[Data below]
####

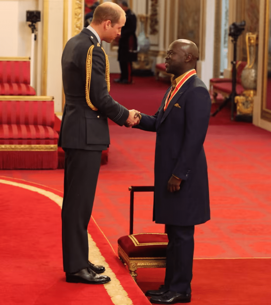 Prince William bestows knighthood upon David Adjaye at Buckingham Palace in 2017 on behalf of Queen Elizabeth II. (Source: Yui Mok/PA)
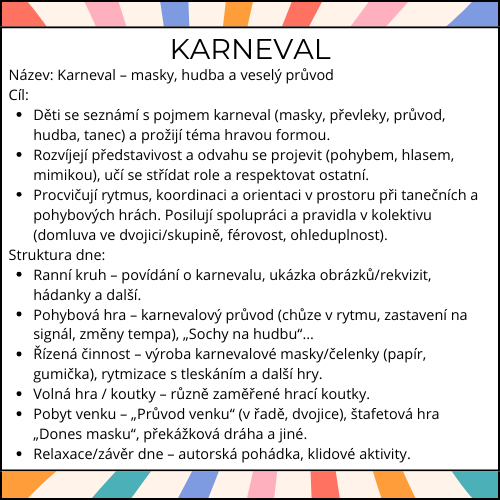 Řízené činnosti – výroba karnevalové masky, karnevalová kapela (rytmus/tleskání nebo jednoduché nástroje), krátké scénky a vystoupení, karnevalová stanoviště se snadnými úkoly.
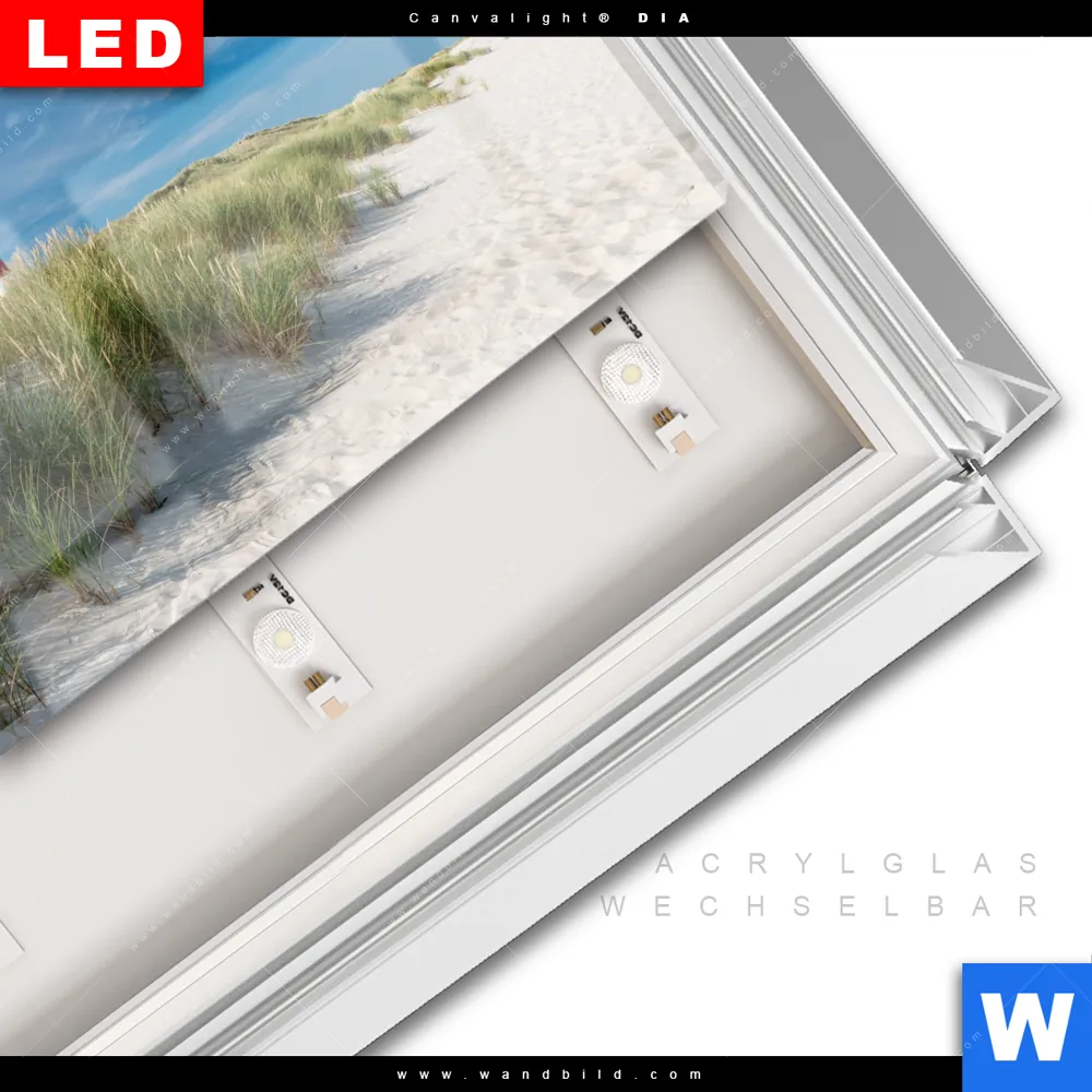 LED-Glasbild mit austauschbarem Acrylglas-Druck (Wechselbild)

####

[Directions for this task] Set down the material once more, exactly, with the pictures omitted.

[Response box]
 Prince William bestows knighthood upon David Adjaye at Buckingham Palace in 2017 on behalf of Queen Elizabeth II. (Source: Yui Mok/PA)
 Řízené činnosti – výroba karnevalové masky, karnevalová kapela (rytmus/tleskání nebo jednoduché nástroje), krátké scénky a vystoupení, karnevalová stanoviště se snadnými úkoly.
 LED-Glasbild mit austauschbarem Acrylglas-Druck (Wechselbild)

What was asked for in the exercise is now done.